I’ve got an OTU table showing a classification of each OTU at every taxonomic level (from Phylum to Genus). I would like to know the similarity % that Mothur uses to classify the OTUs within each taxonomic level (e.g., 97% at genus level).
Many thanks in advance.
The percentage thresholds are pretty meaningless and good reviewers will slap your hand if you try to claim something. classify.seqs uses the Bayesian approach described here…
mothur > classify.seqs(citation)
Wang Q, Garrity GM, Tiedje JM, Cole JR (2007). Naive Bayesian classifier for rapid assignment of rRNA sequences into the new bacterial taxonomy. Appl Environ Microbiol 73: 5261-7. [ for Bayesian classifier ]
I read the paper you mentioned in your last reply. But I still have doubts about the following point. Consider an OTU table based on SILVA database. This table shows a classification of the OTUs from Phylum level to Genus level. The clustering has been made at 97% similarity, with an average sequence length of 406 bases. Can we then say that every individual OTU is representing a given genus? I’m pretty sure this is the case, because the OTU table gives you the actual name of the genus at last level of classification reached.
I’d be very grateful if you could finally resolve this issue. I’m looking forward to your reply.

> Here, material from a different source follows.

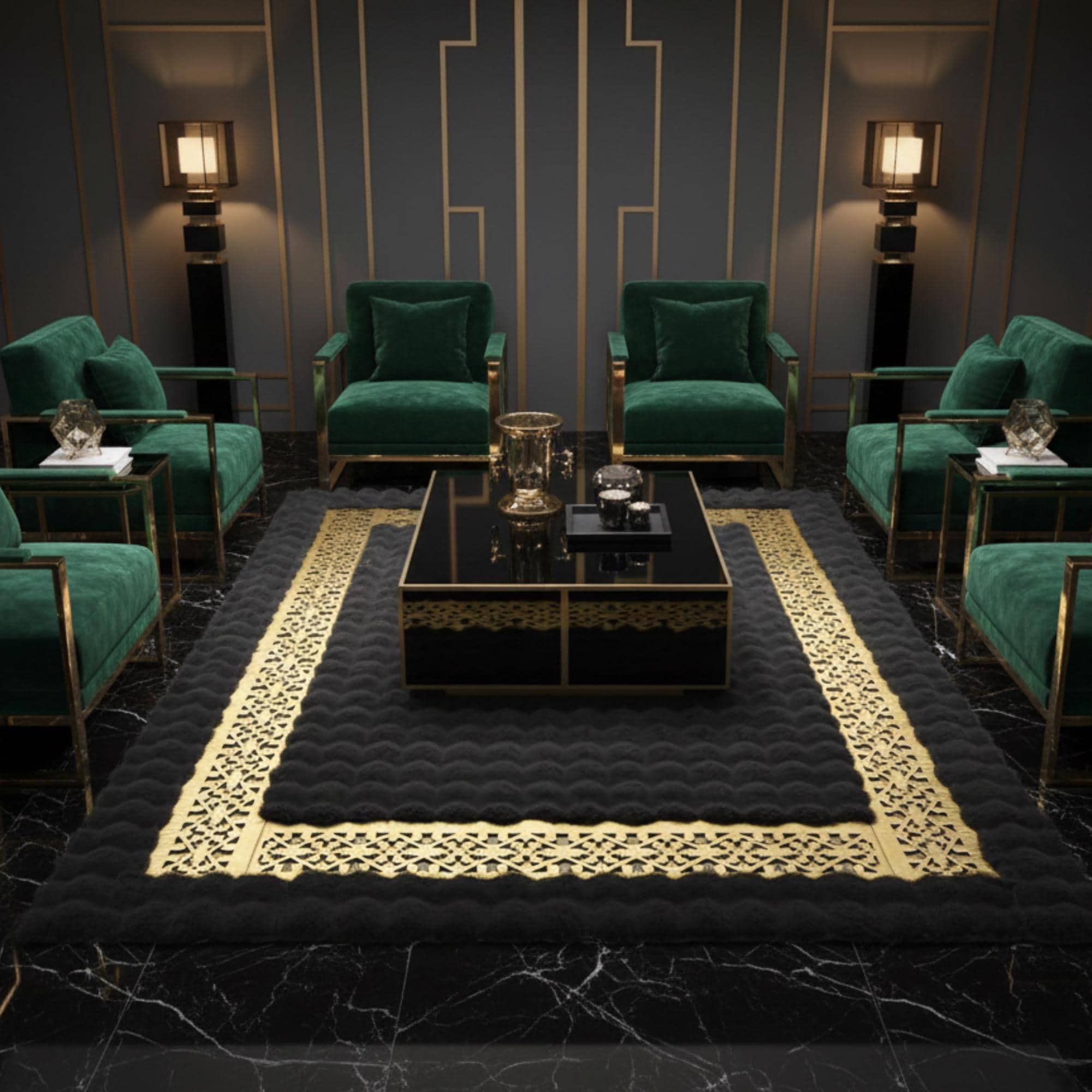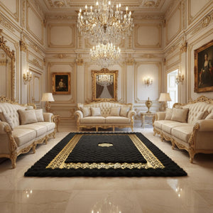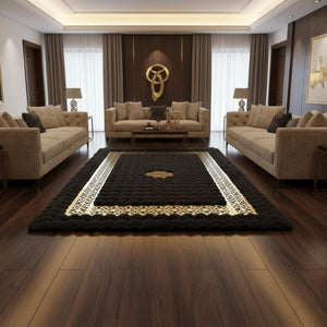 Siyah Zeminli Altın Geometrik Bordürlü Peluş Halı

OTU is operational because we don’t know what a bacterial species is. Many have agreed that 3% OTU roughly corresponds to a bacterial species (very roughly in some cases). If you taxonomical ID your OTU representative sequence, the level that is ID’d is completely dependent on the database that you are using for classification. The Silva people have decided that 16S really only gives reliable genus identification across all bacteria so have only included identification to the genus level (I think this conservative approach is good).
Try thinking of taxonomic classification of your OTUs as similar to significant figures in calculations. Mathematically you may be able to calculate a value to the millionths position but if you used a measurement that’s only precise to the tenths, your calculated value should only be discussed to the tenths. You may find a database that identifies reference sequences to the substrain, but if you are matching 400bp of 16s you absolutely shouldn’t report that substrain name because you can’t have confidence in that fine of an identification with just partial 16s.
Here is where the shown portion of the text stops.